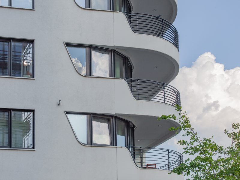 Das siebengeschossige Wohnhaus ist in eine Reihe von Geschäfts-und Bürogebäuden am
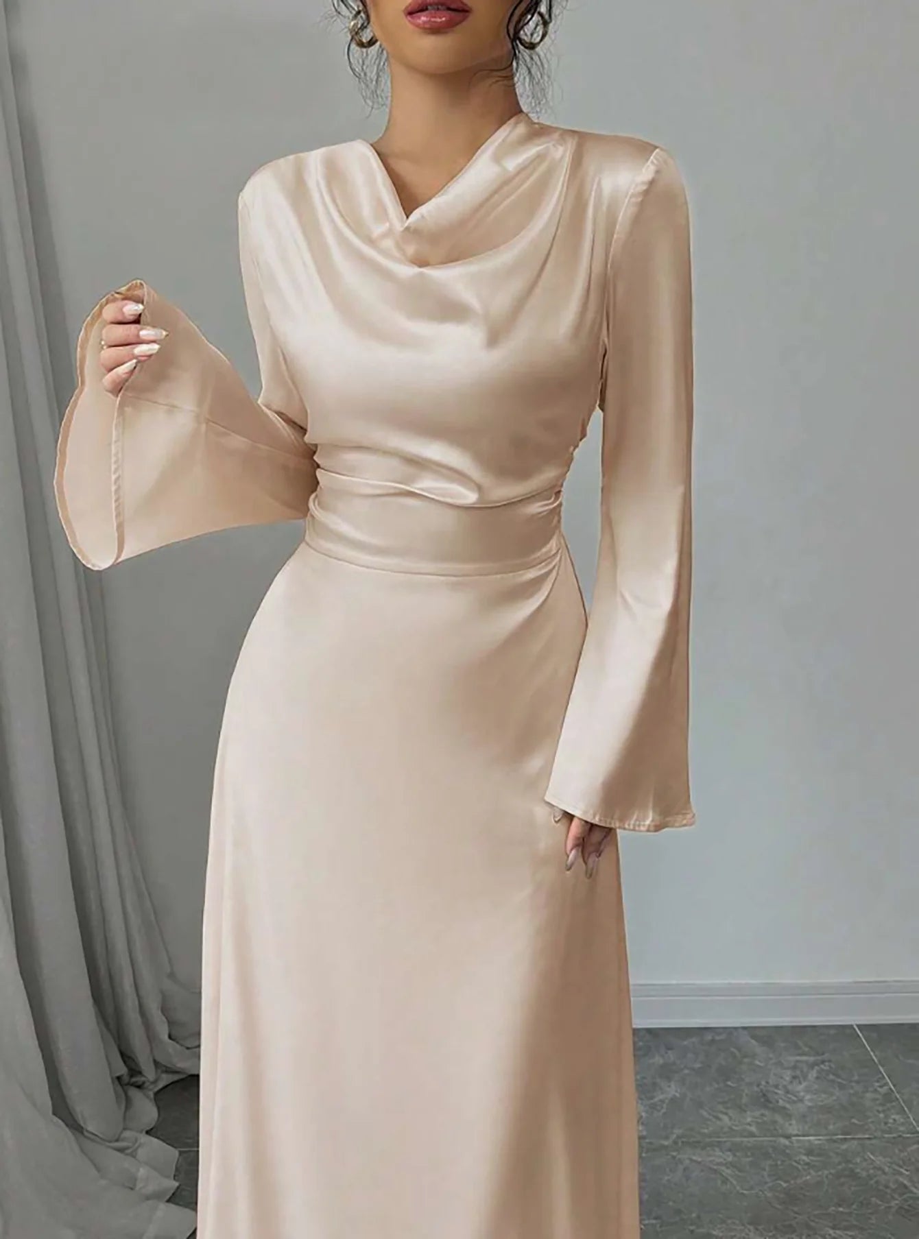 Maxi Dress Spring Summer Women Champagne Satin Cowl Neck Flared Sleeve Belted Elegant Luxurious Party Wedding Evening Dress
= = = = =
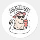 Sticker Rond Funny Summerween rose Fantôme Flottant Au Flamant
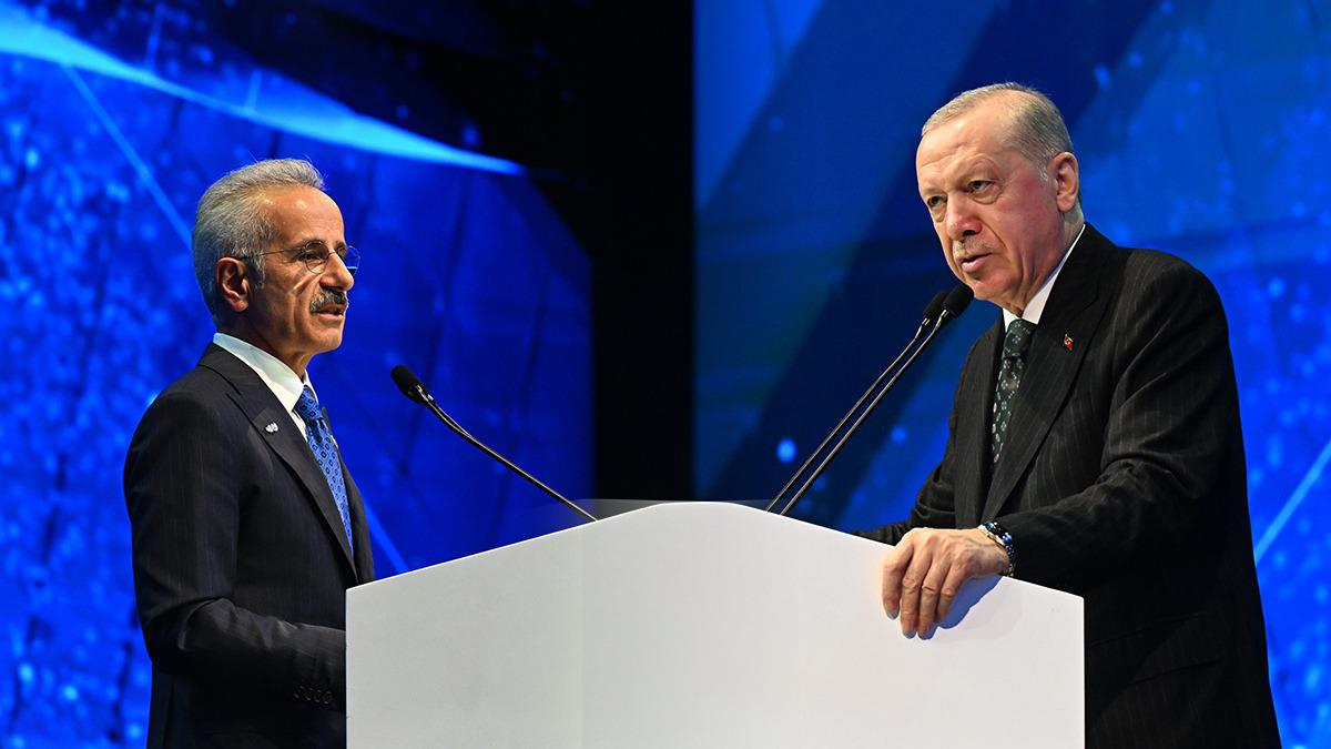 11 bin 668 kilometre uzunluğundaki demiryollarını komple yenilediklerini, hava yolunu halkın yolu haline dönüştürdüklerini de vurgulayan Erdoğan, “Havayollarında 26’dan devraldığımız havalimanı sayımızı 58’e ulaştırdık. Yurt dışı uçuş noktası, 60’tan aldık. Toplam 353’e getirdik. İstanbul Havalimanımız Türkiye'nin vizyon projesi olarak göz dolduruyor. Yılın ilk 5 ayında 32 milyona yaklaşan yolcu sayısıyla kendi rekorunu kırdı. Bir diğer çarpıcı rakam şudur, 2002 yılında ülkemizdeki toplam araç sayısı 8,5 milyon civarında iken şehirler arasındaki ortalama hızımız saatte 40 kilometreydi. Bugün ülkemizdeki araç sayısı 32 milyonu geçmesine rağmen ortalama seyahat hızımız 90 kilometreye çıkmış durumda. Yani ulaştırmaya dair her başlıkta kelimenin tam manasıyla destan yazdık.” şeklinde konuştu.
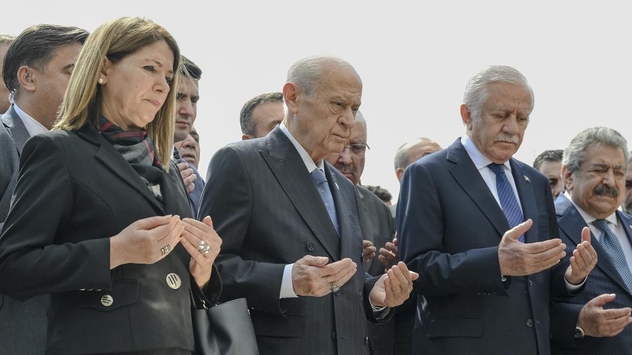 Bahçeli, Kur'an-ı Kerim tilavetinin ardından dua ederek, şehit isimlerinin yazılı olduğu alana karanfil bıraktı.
= = = = =
Go back to the lines above and output, exactly as they stand, the ones from the line containing "11 bin 668 kilometre" to the line containing "Bahçeli, Kur'an-ı Kerim". Leave all pictures behind.

 11 bin 668 kilometre uzunluğundaki demiryollarını komple yenilediklerini, hava yolunu halkın yolu haline dönüştürdüklerini de vurgulayan Erdoğan, “Havayollarında 26’dan devraldığımız havalimanı sayımızı 58’e ulaştırdık. Yurt dışı uçuş noktası, 60’tan aldık. Toplam 353’e getirdik. İstanbul Havalimanımız Türkiye'nin vizyon projesi olarak göz dolduruyor. Yılın ilk 5 ayında 32 milyona yaklaşan yolcu sayısıyla kendi rekorunu kırdı. Bir diğer çarpıcı rakam şudur, 2002 yılında ülkemizdeki toplam araç sayısı 8,5 milyon civarında iken şehirler arasındaki ortalama hızımız saatte 40 kilometreydi. Bugün ülkemizdeki araç sayısı 32 milyonu geçmesine rağmen ortalama seyahat hızımız 90 kilometreye çıkmış durumda. Yani ulaştırmaya dair her başlıkta kelimenin tam manasıyla destan yazdık.” şeklinde konuştu.
 Bahçeli, Kur'an-ı Kerim tilavetinin ardından dua ederek, şehit isimlerinin yazılı olduğu alana karanfil bıraktı.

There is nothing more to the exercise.